Elasticsearch explained


Elasticsearch is a NoSql database optimized for full text search

It’s the leading Open Source search tool for optimized website search used on major websites like The New York Times, Shopify or Vimeo.

Elasticsearch is built for scalability, that made it an important piece for big data, opening a lot of use cases with log management or Business Information.

Elastic Search Logo

What is Elasticsearch ? 

Elasticsearch is the main layer of the Elastic stack. 

It’s an NoSql database, optimized for search, scalability and near real time data management. 

Created in 2004 as an Open Source project based on Apache Lucene, Elasticsearch has grown over the years as a leading tool in the open source community. 

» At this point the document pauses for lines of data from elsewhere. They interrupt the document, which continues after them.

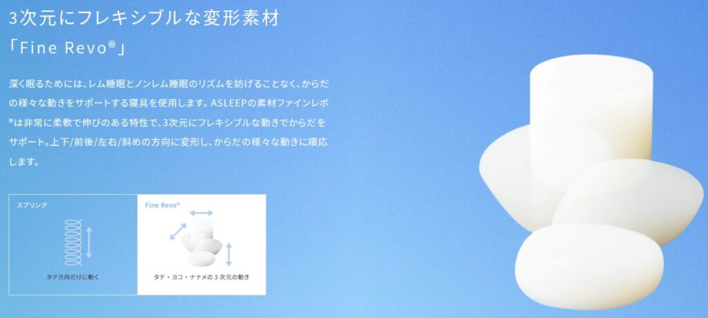 アスリープは、すべてのベッドマットレスに独自素材「ファインレボ(Fine Revo)」を採用しています。この素材が、質の高い眠りを支える大きな理由です。
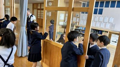 警視庁から3名の警察官の方がいらして、3・4年生に出前授業をしていただきました。警察と警視庁のちがいや、仕事の内容など教えていただきました。また、黒白じゃないパトロールカーを見せていただいたり、指紋採取の実技も体験させていただきました。
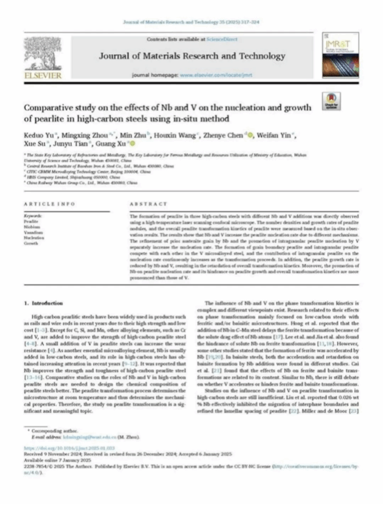 余可多作为第一作者在材料科学领域国际重要学术期刊《Journal of Materials Research and Technology》发表了题为《Comparative study on the effects of Nb and V on the nucleation and growth of pearlite in high-carbon steels using in-situ method》的高水平论文。
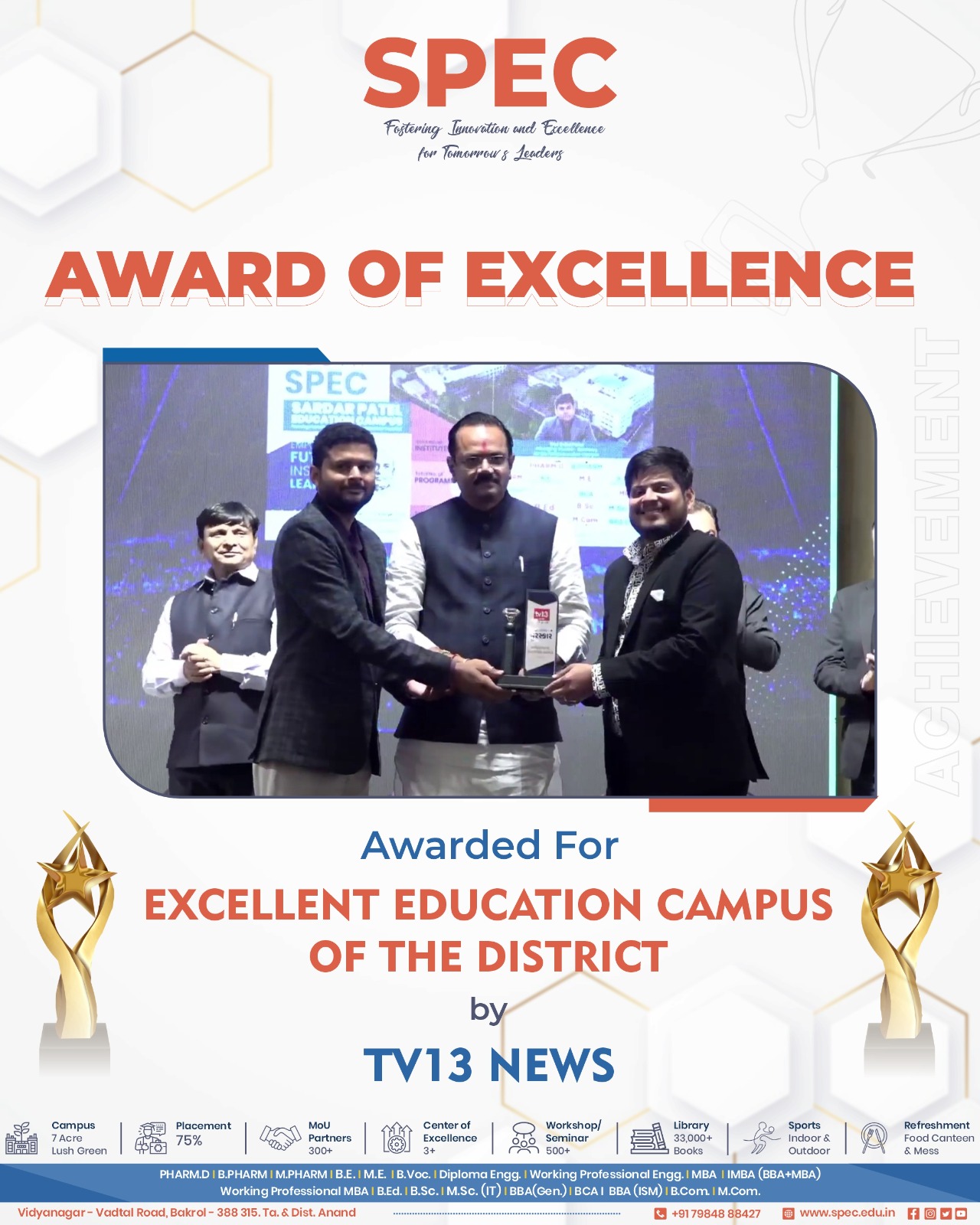 SPEC's Sardar Patel College of Administration and Management (MBA) being Awarded as the Best MBA College in Gujarat by VTV News under Drona Awards 3.0
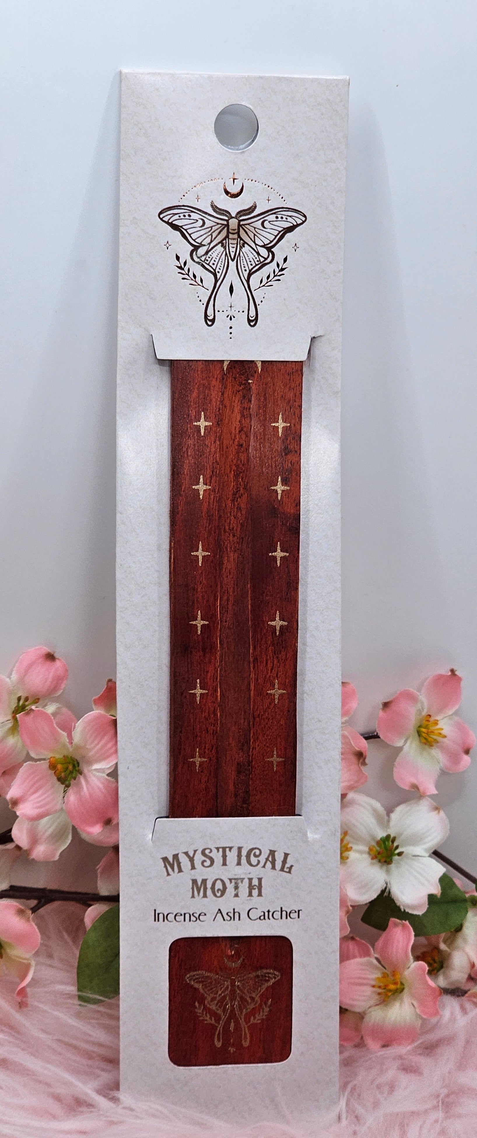 This ethereal take on a traditional wooden incense stick ash catcher features an elegant luna moth design and effectively captures ash while adding a touch of enchantment to any space. A perfect addition to meditation and relaxation rituals.

It’s still leading by the Elastic team who offers paid featured, support, cloud hosting and training.

As a text search tool, with scalability and speed in the ADN of the project, the solution has been adopted by majors companies all over the world for several use cases : 

  • Salesforce : for logs management 
  • Netflix for search and log management
  • Ebay for search and log management
  • Vimeo for search and log management
  • Github for search
  • Bnp and Société Générale for search, security and fraud detection
  • And also Orange, Axa, OUI SNCF, Facebook help, Uber, Tinder, The New York Times, and so many more. 

Elastic nodes (server) are designed to work in clusters to ensure high availability and speed for all vital business use cases. 

How Elasticsearch can help you ? 


At first, Elasticsearch is… for search. 

Nowadays, a basic search consists of a phrase typed within a smartphone in a simple search box, usually with some typos. 

Elasticseach can return typo tolerant results based on the similarity of the search, and order by a score of similarity. 

And it can do it really fast!

Elasticsearch can also do aggregations and search in only one request, returning contextual categories and the number of items in it, the quickest way. 

Elasticsearch used for search on Vimeo
Elasticsearch used for search on Vimeo

Speed and relevancy of search is an essential point of the ROI of your site. 

Clearly, for e-commerce websites, news sites, and any other websites with a lot of content, it’s vital! 

Default Elasticsearch behavior does a pretty good job, but it can be enhanced to respond to each business specific needs. 
But you should definetly consider adding advanced features to drastically improve the interest of an application for end users such as :

  • ‘similar articles’ search,
  • geosearch, searching in word or pdf content, 
  • the ability to tweak the request to return close results, even if the user search returns nothing
  • searching in multiple source at one time

Big Data

Scalability is in the core of Elasticsearch. 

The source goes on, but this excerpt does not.